The night wore on. Out at sea, the lights of a freighter moved by every so often. Bono asked me if I’d had any new songs, any unrecorded ones. It just so happened that I did. I went into the other room and pulled them out of the drawer, brought them back and showed them to him. He looked them over, said I should record them. I said that I wasn’t so sure about that, thought that maybe I should pour lighter fluid over them—said that I had been having a hard time making records, making that work out. He said, “No, no,” and he brought up the name of Daniel Lanois…said tha
t U2 had worked with him and he had been a great partner—that he’d be perfect for me to work with—would have much to scramble into the mix. Lanois had musical ideas that were compatible to mine.

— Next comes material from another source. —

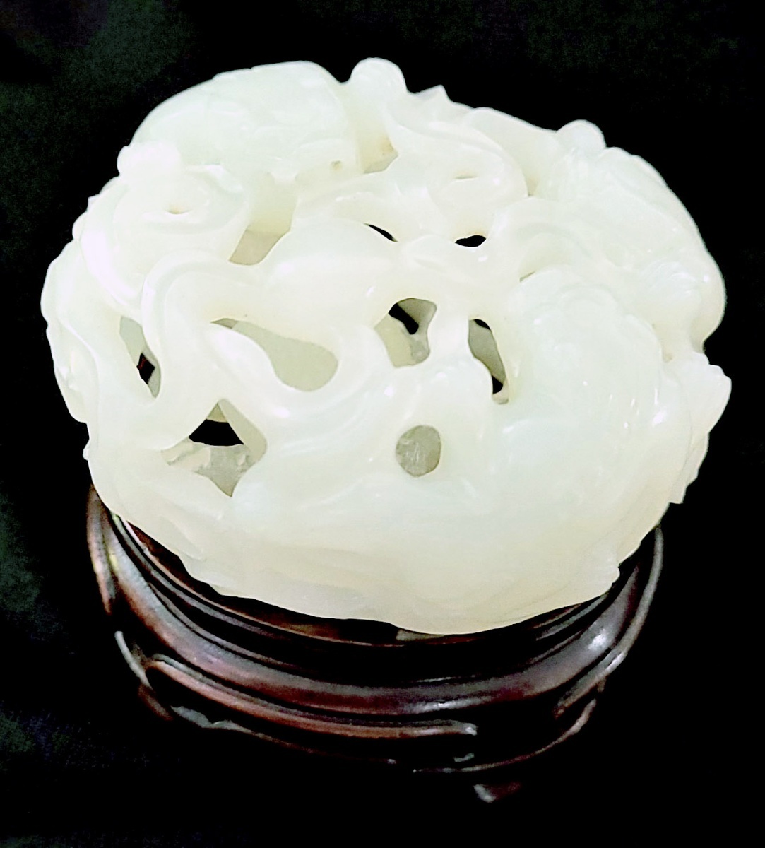 三獅戲珠鏤空白玉彫飾件, 內裏彫流動玉珠一顆, 帶紅木底座. 此件彫工精緻, 玉色温潤. 有微裂, 敬請預覧. 玉件尺寸: 4.7cm寬x5.2cm長x2.5cm高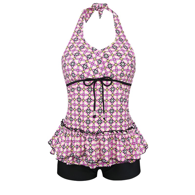 heatwave熱浪兩截式分體泳衣女保守顯瘦遮肚平角游泳衣性感時尚掛脖泳裝橘色M號|橘色L號|橘色XL號|橘色2XL號|粉色M號|粉色L號|粉色XL號|粉色2XL號Swimming AttireHeatwave熱浪泳衣官方旗艦店

Bono picked up the phone and dialed the man, put him on the phone with me and we spoke for a moment. Basically, what Lanois said was that he was working out of New Orleans and told me that if I was ever there, I should look him up. I said that I would do that. To be sure, I was in no hurry to record. Performing was what was on my mind first and foremost. If I ever did make another record, it would have to have something in common with that purpose. I had a clear road ahead and didn’t want to blow the chance to regain my musical freedom. I needed to let things straighten out and not get mixed up anymore.